Il est à noter qu’il pourrait y avoir au terme de cette année électorale de nouveaux « cumulards » non référencés dans cette base : de nouveaux députés européens élus en mai prochain, qui posséderait par ailleurs un mandat exécutif local.

 

 

Député-maire, le modèle dominant au PS

Created with Highcharts 3.0.9Promesse de non-cumulCumul en cas d'électionCandidature non-confirméeDéputés PSSénateursPSDéputéseuropéensPS050100Députés européens PSCandidature non-confirmée: 1Cumul en cas d'élection: 2Promesse de non-cumul: 0

Les sénateurs, plus vigoureux opposants du non-cumul au sein du Parti socialiste, ne sont pas les plus nombreux à vouloir prolonger leur cumul jusqu'à 2017. Les députés socialistes, favorables à plus de 90 % à la loi, représentent les trois quarts de ces « candidats au cumul ».

Dernière mise à jour des chiffres : 27 février

 

A Paris, pas de maire cumulard

Il est d’ores et déjà acté que Paris n’aura pas de maire cumulard, comme c’était le cas sous Jacques Chirac et Jean Tibéri.

A gauche, Anne Hidalgo a fixé une règle de non-cumul à ses têtes de liste, qui a empêché les députés-maires sortants Pascal Cherki, Daniel Vaillant et Patrick Bloche de se représenter. Seule exception accordée par Anne Hidalgo : la députée Annick Lepetit, tête de liste dans le XVIIe, qui a promis de démissionner de son mandat national en cas de victoire.

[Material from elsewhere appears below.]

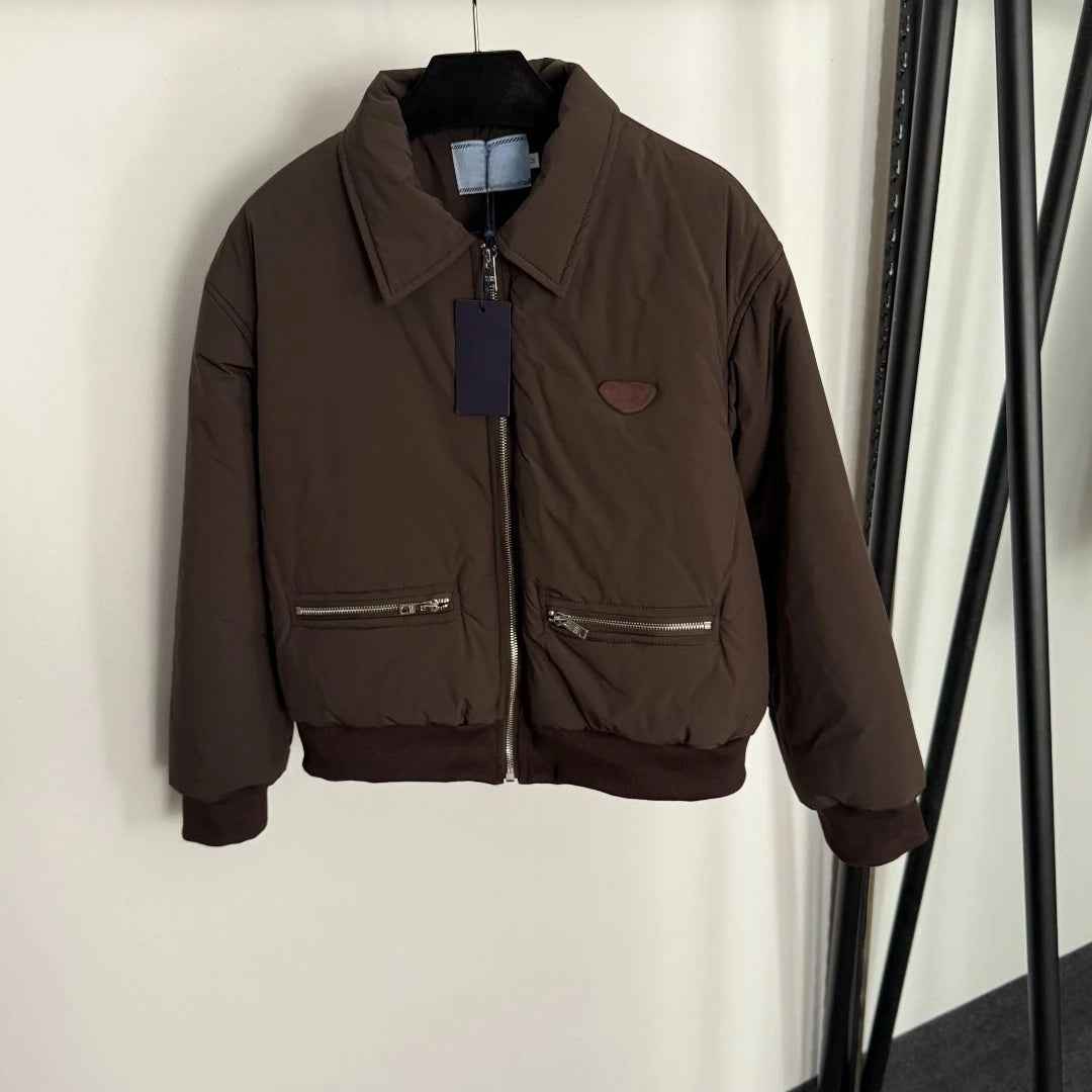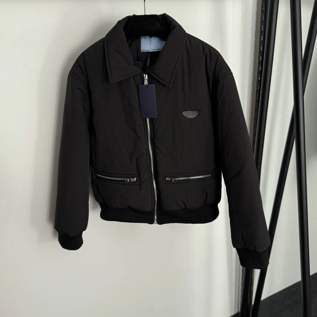 2025 Autumn/Winter New Style Triangle Logo Hooded Down Jacket for Women - Casual and Warm Short-Sleeved Coat

A droite, seule Nathalie Kosciusko-Morizet s’appliquera la règle du non-cumul dès 2014 : si elle est élue maire de Paris, elle abandonnera son mandat de députée de l’Essonne. Les têtes de liste Philippe Goujon (député), Claude Goasguen (député) ou Rachida Dati (députée européenne) n’ont rien annoncé de tel. Marielle de Sarnez a même clairement affiché sa préférence pour le Parlement européen, où elle tentera de se faire réélire lors des européennes de mai prochain.